Eventually they reached Australia and
New Guinea, which were then
connected by a land bridge.
These ancient people ultimately travelled as far into Melanesia as the southern end of the main chain of
the Solomon Islands. They made a remarkable series of adaptations to diverse environments, which
ranged from tropical islands in the north to glacial Tasmania in the south, from coastline to interior,
and from rainforest to near-desert.
This wider region is known as Near Oceania. It consists of New Guinea, the Bismarck Archipelago,
the Admiralty Islands and the Solomon Islands.
Recent voyaging: into Remote Oceania
Around 1200 BC migration into Remote Oceania began. Remote Oceania lies to the east and south of
Near Oceania, and consists of Melanesia south-east of the Solomons, Micronesia and Polynesia. The
islands are generally smaller, with fewer food resources, and were beyond the reach of simple water
craft.
However, the migrating people had neolithic (New Stone Age) technologies, and food-producing
economies. Known as Lapita, they had learned to explore the open sea and survive. After millennia
of developments in boat building, and accumulated experience of seafaring in Near Oceania, skilled
navigators began to explore in sophisticated canoes.

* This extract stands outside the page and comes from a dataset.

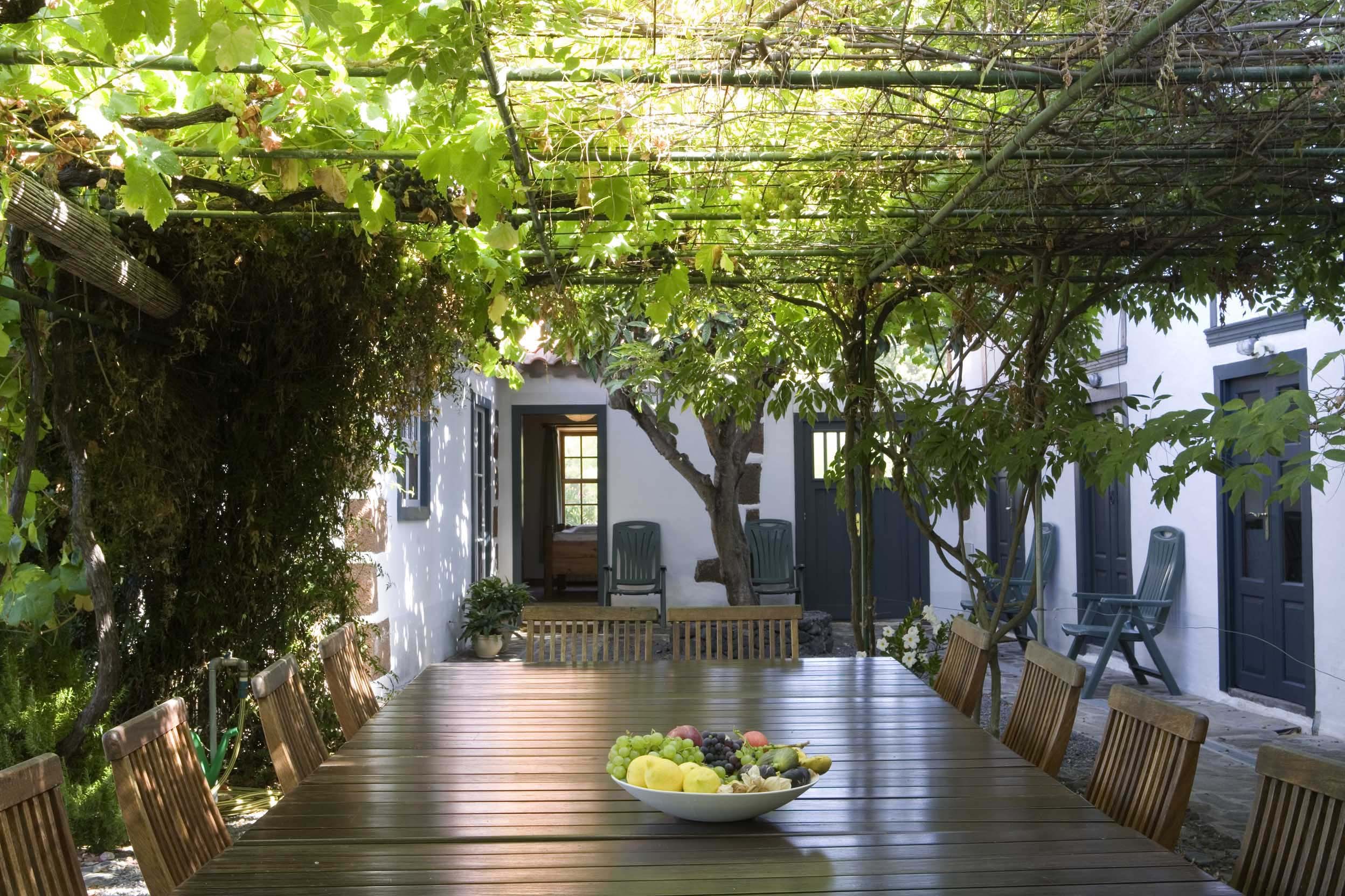Die Terrassen der ursprünglichen Mandelfarm wurden restauriert und neu bepflanzt. Außer Mandelbäumen finden sich nun Zitrusfrüchte, Äpfel, Birnen, Aprikosen, Pfirsiche, Pflaumen, Feigen, Kaki, Granatäpfel, Mispeln, Trauben, Kaktusfeigen und einiges mehr.

Migrants voyaged east across the tropical Pacific into Remote Oceania, carrying with them
domesticated plants and animals, to sustain settlement in their new island homes.
Reaching South America Ultimately explorers arrived at South America, and then returned to their
home islands in Remote Oceania with the kūmara (sweet potato) and a species of gourd. Radiocarbon
dates for kūmara found on Mangaia in the southern Cook Islands show that Polynesians had reached
South America and returned by 1000 AD.
Vikings and Polynesians According to Icelandic sagas, Vikings from Greenland found Labrador and
briefly settled in Newfoundland around the same time. The circumstances in both North and South
America were similar for Vikings and Polynesians. Both travelled in small parties to the extreme limits
of their range, encountering populated continents. There is little archaeological evidence of these
contacts.
To New Zealand and the Chatham Islands Around 1300 AD Polynesian settlers used subtropical
weather systems to navigate their way to New Zealand. These migrants were the ancestors of New
Zealand’s Māori people. At about the same time, they reached the northern satellite islands of Norfolk
and the Kermadecs. Later still, early Māori exploring eastward from New Zealand discovered the
Chatham Islands, just a few centuries before the first European expeditions reached the Pacific.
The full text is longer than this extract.